A judge today discharged a juror who appeared to doze off during a murder trial in the High Court at Napier.

After concerns were raised by defence counsel about the woman's apparent inability to remain awake, Justice Alan Mackenzie met with the juror in chambers and she was discharged. He said he would continue the trial, which is expected to continue into next week, with the 11 remaining jurors.

The incident happened on the opening day of the trial of Hulio Henry Ataria, 23, who is charged with the murder of agricultural contractor Mark McCutcheon in January last year outside the Sandford Arms Tavern in the Central Hawke's Bay rural township of Ongaonga.

Mr McCutcheon was stabbed during a confrontation in the tavern's carpark but drove away. He was found dead from stab wounds in his utility several kilometres away the following morning.

Opening the Crown case, prosecutor Nicola Graham, said Mr McCutcheon, the father of three, lived locally and had been at the tavern on January 22. During the evening a patched Mongrel Mob member, whose name has been suppressed, came into the tavern accompanied by Ataria, who was a gang "prospect" or potential member.

The publican, Patrick Quin, approached the mob member and told him to take his patch off or leave the tavern. The man and Ataria went outside into the carpark where the mob member began abusing his girlfriend who was sitting in the back seat of a car. Witnesses said he had "laid into her" with punches and at some point, Mark McCutcheon had intervened, telling him to stop.

When the mob member ignored him, Mr McCutcheon said he would get his gun and walked across the road to his ute. The mob member told Ataria to "deal with him".

Mr McCutcheon produced a gun case from the ute, which he threw at Ataria.

At some stage during the confrontation, Mr McCutcheon was stabbed three times, twice in the chest and once in the back by Ataria. The lower chest wound penetrated his heart and subsequently proved fatal.

Mr McCutcheon drove off in his ute but did not arrive home. A search by friends and family the next morning found him dead in his ute, which had run off the road into a paddock.

Ms Graham said it had been accepted that Ataria had stabbed Mr McCutcheon and the issue was whether it was in self-defence or in the defence of another person.

Defence counsel Paul Mabey said his client would deny any murderous intent.

"This is not a case about the Mongrel Mob versus the rest. It is not a case where you are judging people on an emotional level. This is a case about human behaviour," he told the jury.

Publican Patrick Quin (crrct) gave evidence of telling the mob member to leave because of his patch and described the man's attitude as "aggressive".

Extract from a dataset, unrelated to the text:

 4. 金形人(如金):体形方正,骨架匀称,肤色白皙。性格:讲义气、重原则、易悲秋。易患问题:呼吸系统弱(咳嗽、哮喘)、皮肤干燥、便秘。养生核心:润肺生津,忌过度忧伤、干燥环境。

He said he went outside after someone told him something was happening in the carpark outside the tavern.

He saw several people coming from another carpark across the road, where Mr McCutcheon's ute was parked. He saw someone carrying the gun case and the group stopped near the car where the girlfriend was sitting in the back seat.

One of Mr McCutcheon's friends handed Mr Quin the gun case, which had not been opened, and he took it inside for safekeeping.

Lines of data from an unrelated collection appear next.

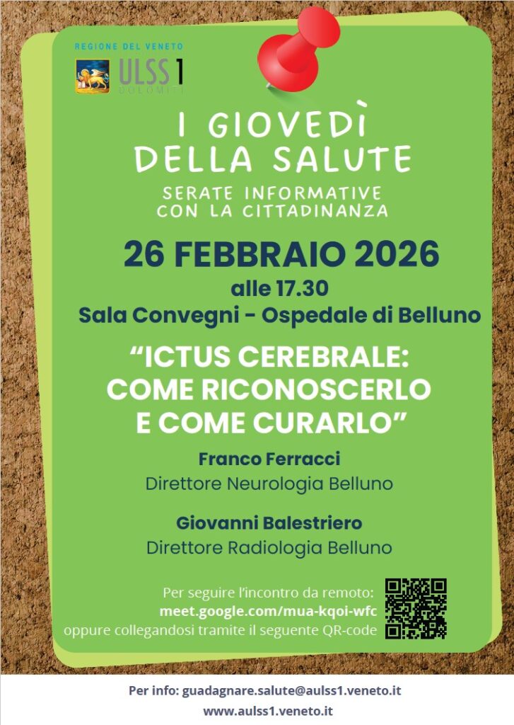 Il prossimo appuntamento è in programma giovedì 26 febbraio 2026 alle 17.30, nella sala convegni dell’ospedale di Belluno. L’incontro, dal titolo «Ictus cerebrale: come riconoscerlo e come curarlo», sarà dedicato a una patologia per la quale la tempestività dell’intervento risulta determinante. A intervenire saranno Franco Ferracci, direttore della Neurologia di Belluno, e Giovanni Balestriero, direttore della Radiologia di Belluno. Nel corso del pomeriggio verranno illustrate le modalità per riconoscere rapidamente i sintomi dell’ictus e i percorsi di cura attualmente adottati.
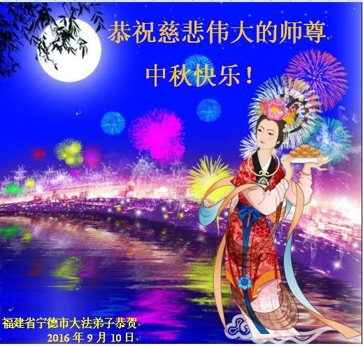 師尊您好!師尊您辛苦了!福建省寧德市全體大法弟子感謝師尊的慈悲苦度,全體弟子跪拜師尊,衷心祝願慈悲偉大的師尊中秋佳節快樂!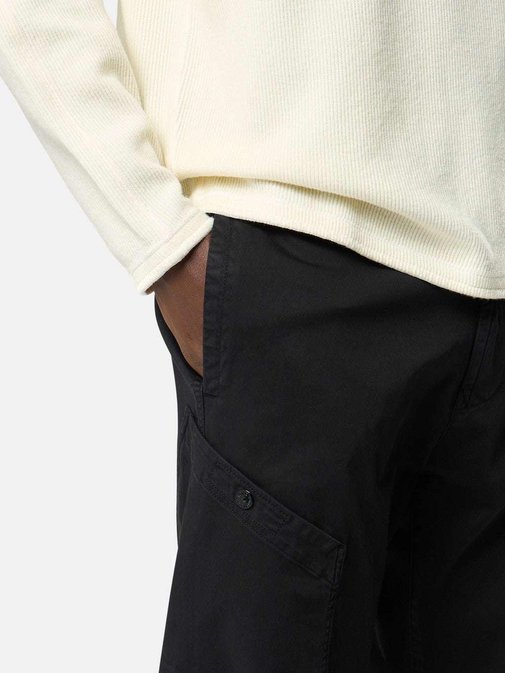 Cargo trousers in organic stretch cotton satin. Garment dyed.

When he went back outside, people were standing around waiting to see if anything was going to happen. He remembered seeing Mr McCutcheon drive away in his ute.

Mr Quin's evidence was interrupted after the defence counsel asked to talk to the judge in chambers.

After a brief adjournment, Justice Mackenzie told the remaining 11 jurors that their fellow juror would take no further part in the trial.